Anything that involves apocalypticism / millennarism / assigning current events to End Days patterns.

pat said...

For my PhD, I had to read long detailed descriptions of fish bones. Kid you not, sometimes I had to cover one eye because I was so bored I was seeing double. And I read it aloud to my cats, because that was the only thing that would keep me from skipping paragraphs.

Fretful Porpentine said...

OMG, I am SO with you on the religious-everything (not a good trait in an early modernist, alas) and the trying-to-be-too-clever contemporary literary fiction. Also, pretty much all contemporary poetry with very rare exceptions.

Undine said...

Servetus--me, too! I know that's popular now, but no.

pat--that's hilarious and totally believable about reading to cats, and something I'm going to try the next time a narrator gets all down in the weeds about salvation by works versus salvation by grace (or fishbones).

Fretful--I can't even imagine being in early modern studies because it'd be hard to ever get away from religious everything. And you have to actually pay attention to those angels dancing on the head of a pin doctrinal disputes! I'd almost rather read a travel book :).

xykademiqz said...

I'm with you on modern fiction -- as if no one can hope to be taken seriously as an author unless a character is raped, molested as a child, or lost a sibling to unspeakable abuse/murder. There is also the mom-gets-breast-cancer-and-dies or dad-leaves-cause-men-amirite childhood trauma.
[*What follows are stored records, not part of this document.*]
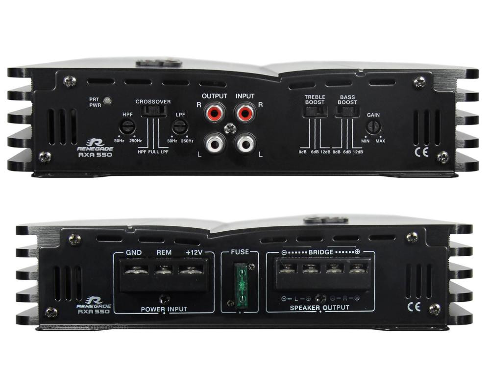 A RENEGADE RXA550 2 csatornás autós erősítő, felül áteresztő és alul áteresztő szűrőkkel, kompakt mérettel rendelkezik.
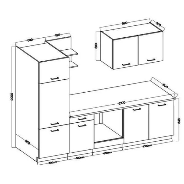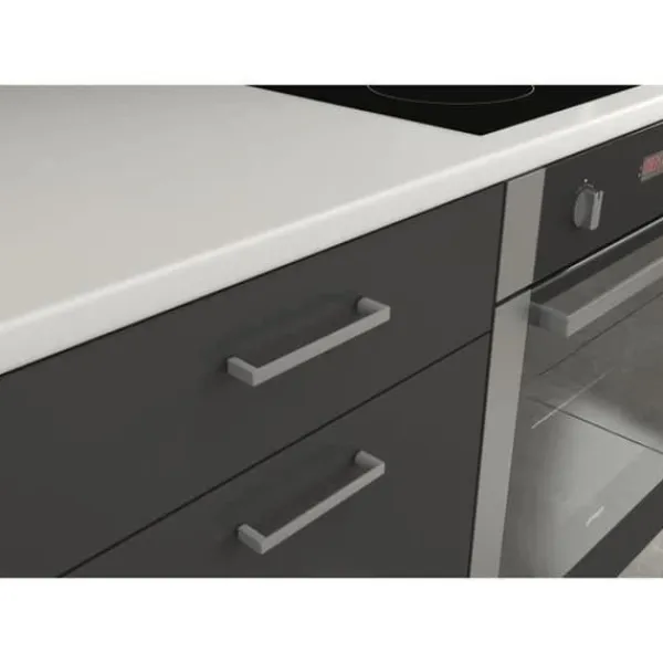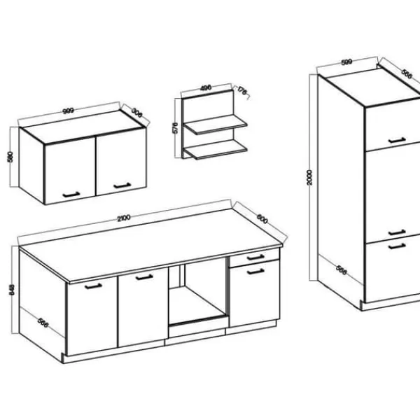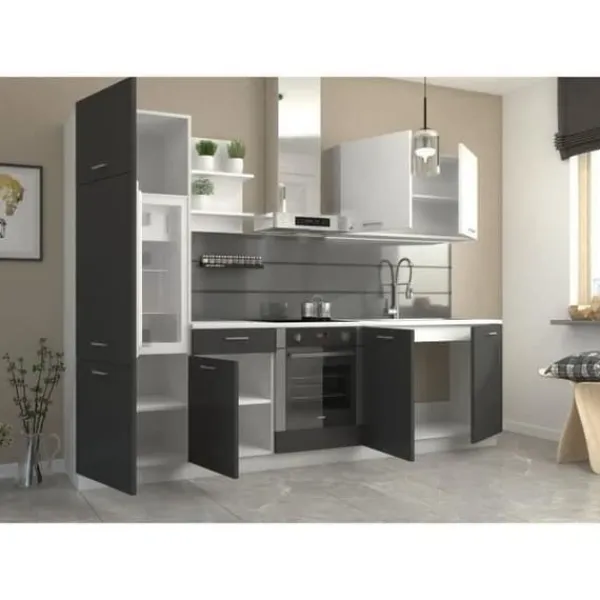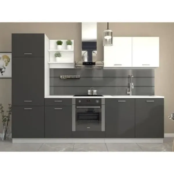 Det kompletta köket PREGO GRAPHIT på 270 cm består av en 210 cm basenhet (under diskbänk + ugnsplats + 1 låda / 1 dörr), en 100 cm hög enhet, en 50 cm hylla och en pelare på 60 x 200 cm (möjlighet till installation av ett kylskåp, maxmått 485 x 882 mm). Bänkskivan 210 x 60 cm ingår. Färg: Graphit Grey.
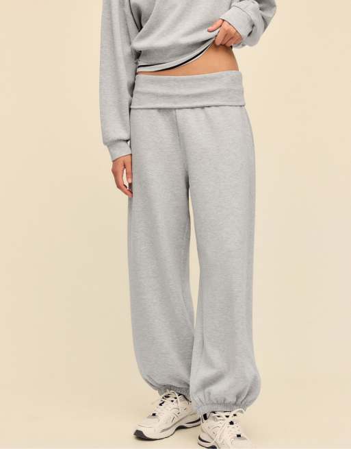 Stradivarius - Joggers a palloncino morbidi al tatto grigio mélange con risvolto in vita
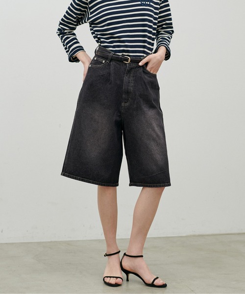 【2026SS LARUTA】 デニムタックハーフパンツ ■Design フロントに施したタックデザインが印象的な、きれいめに穿けるデニムハーフパンツ。 カジュアルなデニム素材ながら、程よくゆとりのあるシルエットと 膝丈バランスで、大人が取り入れやすい一本に仕上げました。 ウエスト周りはすっきりと見える設計で、トップスをインしてもバランスよく決まります。 ラフになりすぎない絶妙な丈感とシルエットにこだわったアイテムです。 ■Styling コンパクトなニットやカットソーを合わせてすっきりまとめるのはもちろん、 オーバーサイズのシャツやジャケットと合わせた抜け感のあるスタイリングもおすすめ。 足元はヒールやローファーで女性らしさをプラスすると、大人っぽい印象に。 シーズンレスに活躍し、ソックス合わせでトレンド感を楽しむ着こなしも◎。 ■Fabric 程よい厚みのデニム素材を使用。 ハリ感がありながらも動きやすく、デイリーに取り入れやすい生地感です。 ====================== 透け感:なし 裏地:なし 伸縮性:なし 光沢感:なし 生地感:程よい厚みのあるデニム素材 ====================== ※手洗いの際は他の物と分けて単独で洗ってください。 ※汗や雨などで濡れた状態や強い摩擦等で、他の商品に色移りする可能性がありますのでご注意ください。 ※色落ち、色移りすることがありますので、漬け置き洗いや、濡れた状態での放置はお避けください。 ▼ コンセプト <LARUTA> シンプルだけど洗練されていて、それでいて自然体。 着飾るよりも着ていてリラックスできる、そんなお洋服を纏いたい気分。 ※着用、お取り扱いの際は、商品に付いている品質表示とアテンションタグを必ずご確認ください。 【お気に入り登録でお得な情報がいっぱい】 ・「商品のお気に入り登録」で再入荷通知や、ラスト1点の通知、セール通知をいち早く受け取ることができます。 ・「ブランドのお気に入り登録」で新商品や再入荷など、お得な情報を受け取ることができます! ※店舗の入荷時期は商品によって異なります。 店頭の在庫状況につきましては各店舗にてお問い合わせください。 ※撮影時の光の関係で、画面上の画像と実際のお色とでは若干の色差が生じる可能性がございます。 また、ご覧いただいているモニター画面や、お使いのブラウザによっても、お色の違いがございますことをあらかじめご了承くださいませ。

And this quote makes me want to kiss (electronically and platonically!) Fretful Porpentine:
the trying-to-be-too-clever contemporary literary fiction. Also, pretty much all contemporary poetry with very rare exceptions.

heu mihi said...

I'm going to name names: Alain de Lille. Richard of St. Victor. And anyone else with an overly well-thought-out allegory. (Frankly, The Divine Comedy fits into this category for me.) I need something messy to keep me going!

xykademiqz said...

A few more offenders here:

https://www.theatlantic.com/magazine/archive/2001/07/a-readers-manifesto/302270/

Fie upon this quiet life! said...

I'm really getting tired of anything that uses the Nazis as the ultimate bad guys. Of course they were bad. But the good-guy-against-the-Nazis plot has been so repeated it's now really tiring. There are LOTS of other times in human history in which people were evil. If you want to write historic fiction, maybe find something that hasn't been done to death.

No, I'm not a Nazi sympathizer. I think the Holocaust was sickeningly awful. WWII was terrible. I just feel like people could be more creative than recycling these ideas constantly.

Undine said...

xykademiqz--that article expressed so much about how I feel about the "prose like chunky rocks" school of writing--thank you.

heu mihi--Messiness keeps it interesting; otherwise, you want to make an allegory chart and be done with it. But at least your guys are dead :).

Fie--Tired, yes, but Nazis are the only really safe bad guys because everyone hates them. Well, everyone sane.